Dear Sir, dear Madam

In my eyes competition should not become lottery or mere speculation.

That is the impression I get from the way you can pre-register new gTLDs with each of the 88 registrars of the CORE, asking up to 10'000.-$ for so called premium-services, without a real guarantee that you get the name you have tried to register.

This is no competition, but this policy will prevent competition. Small companies will not be able to pay such sums with several of the 88 registries in order to obtain a real chance of getting the name they would like to.

The new domain names do not make sense, if good names are only accessable to an elite-group of companies and allow the registrars - if I am not wrong - to sell the same name 88 times before figuring out through a lottery system, who will be the lucky one to finally own it.

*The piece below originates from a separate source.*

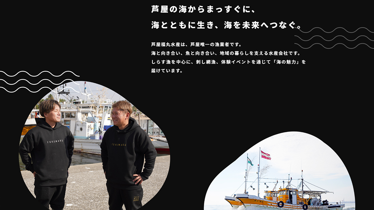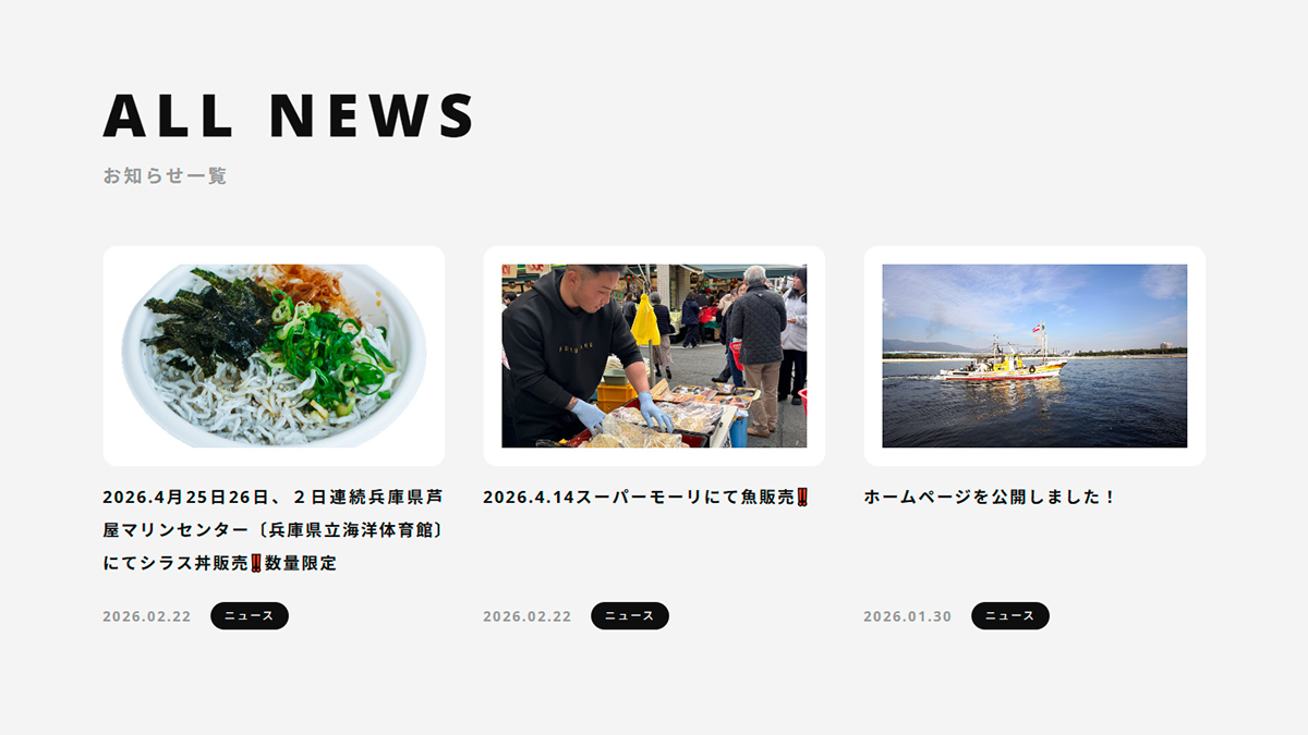 ホームページ実績芦屋・神戸でしらす漁・刺し網漁を主な業務とされており、海とともに生きる漁師の方々が獲る新鮮な鮮魚・水産物の販売、その他体験イベントなどの開催も行っておられます。

This would be good for speculation and for very few people becoming rich quickly, but it would be bad for the internet as such.

Compare it with a serious, cheap registry/ar like www.webtld.com , registering .web on the sense-making first-come, first served basis for something like 30-35.-$/name ... It is a good example of correct business-policy and I wish them to get access to the "A" root server as soon as possible.

As you write, it seems important to me that the new system:

Allows multiple competing registrars to have secure access (with encryption and authentication) to the database on an equal (first-come, first-served) basis

and that:

Each top-level domain (TLD) database will be maintained by only one registry and, at least initially, each new registry can host only one TLD.

So people who register a name can at least rely on getting it without any lottery or speculation-system and there will be enough competition possible.

Thank you for reading this short comment!